I was also surprised at the lengths necessary to find the gender of some of our classmates: “For most students listed, we used their first names to determine gender. When the name was inconclusive, we looked at yearbook pictures. We used internet searches to identify the gender of the few remaining students.” Who are these gender-ambiguous students named Leslie and Pat who can’t be identified by yearbook photo – and, more important, what did they find on the Internet that solved the problem? Is there a secret gender-ambiguous identification website out there somewhere?

[Here's where I'm trying to be serious again]

The most compelling part of the full report, to me, were the selected student comments that were included:

One female 3L wrote, “I've been surprised by the number of people that I see disengaged from life at HLS – both academic and extracurricular. There are lots of people who stop vocalizing what they are passionate about after their first year.”

One male 3L wrote, “The school manages to take 500 of the brightest and most motivated students in any field in the country and systematically pacify and alienate large proportions of them, so that by the time they are in their third year, many if not most students rarely attend class, do the reading, or care a fig about law.”

I think it’s important to look at gender differences, and certainly if there are ways that women are being disadvantaged we should work to figure out why and address it. But the quotes in the report, from men and from women, I think capture broader problems facing law students of both genders: a lot of people just don’t seem to care that much. And maybe there are ways to fix that. If the report can get people thinking about that kind of stuff, I think it will have done an awesome service.

[Now I'm going to try and be funny again by parodying the survey]

Study on Lazy People’s Experiences at Harvard Law School
By the Non-Working Group on Student Experiences

Classroom Participation

We monitored student participation in three or four courses, but fell asleep before any statistics could be collected. Of the results we did collect, we found that lazy students spoke on average 98% less often than motivated students, and were responsible for just 2% of comments in class. Those comments included: “could you repeat the question please?” “will this be on the exam?” “are we really going to get to tomorrow’s reading assignment, or can we just skip it?” and some audible snoring. Lazy students consistently volunteered less often than motivated students, and often remained in their seats for a substantial amount of time after class, failing to realize the class had ended.

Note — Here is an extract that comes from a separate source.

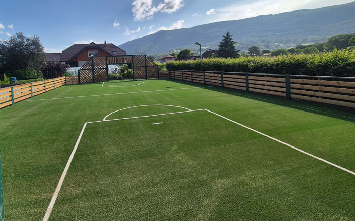 Pour un usage sportif, plus intensif que sur une surface en gazon paysager, les gazons artificiels sont sablés et doivent répondent à des critères techniques de durabilité dans le temps, de facilité d’entretien et de confort de jeu.
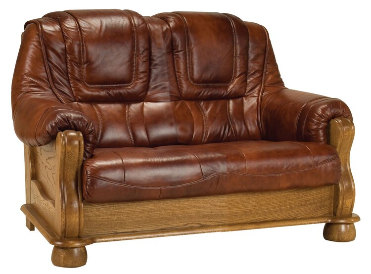 Elegantný dvojsedák, ktorý svojim vzhľadom a prevedením zaru? Uje luxus a pohodlie. Tento dvojsedák vyrába zna? Kový výrobca, ktorý si potrpí na kvalít? a detailoch. Dvojsedák je vyrobený z nejkvalitn? Nejšie pravej k? Že - lícovej so širokým výber? Rem farieb. Zadná strana je potiahnutá? Iernu látkou, za p? Íplatek možno zabezpečiť seda? Ku celo? ALÚNENÉ? Nú. Nohy sú vyrobené z masívneho dubového d? Eva s výber? Rom mo? Enie. Kožený nábytok je nutné? Isti iba za pomocou špeciálnych prost? EDK? na? istenia a konzerváciu p? prírodných k? ží, d? evo je t? eba? isti suchým m? mäkkou had? kou, je možné tiež používať prost? edky na konzerváciu a ochranu d? eva neobsahujúce silikón. Tento dvojsedák m? Môžete doplniť o trojsedák a k kreslo. Taktiež ponúkame aj ďalšie poťahové látky.

Extracurricular Activities

Lazy people comprised just 1% of the executive boards of journals, and could not be found in any statistically significant numbers on Law Review, or ever having even considered it. In fact, lazy people were more likely to travel to outer space than participate in the law review competition, for the years examined.

Student Life and Satisfaction

Lazy students and motivated students differed substantially in how they described their own abilities. Lazy students gave themselves significantly lower scores in skills like “waking up early,” “doing the reading,” “eating three meals a day,” and “going to the bathroom regularly.” However, they gave themselves significantly higher scores in “watching television,” “surfing the Internet,” “wandering around aimlessly,” and, with a tremendous disparity, “sleeping.”

Employment and Clerkships

While there was little difference in the percent of lazy students versus motivated students who accepted a job offer at a large law firm, a substantially higher percentage of lazy students never bothered to show up for work. In addition, 42% of lazy students missed important deadlines like confirming their offers, choosing preferred practice areas, and filing their taxes. Once at work, lazy people were much more likely to cry at random points during the day, and wish they had gone to art school instead. In terms of the three most important factors in choosing a career, lazy students chose “not having to do all that much work” almost 14 times more often than did motivated students.

Academic Performance

We investigated grade patterns, and found that on average lazy students and motivated students received exactly the same law school grades.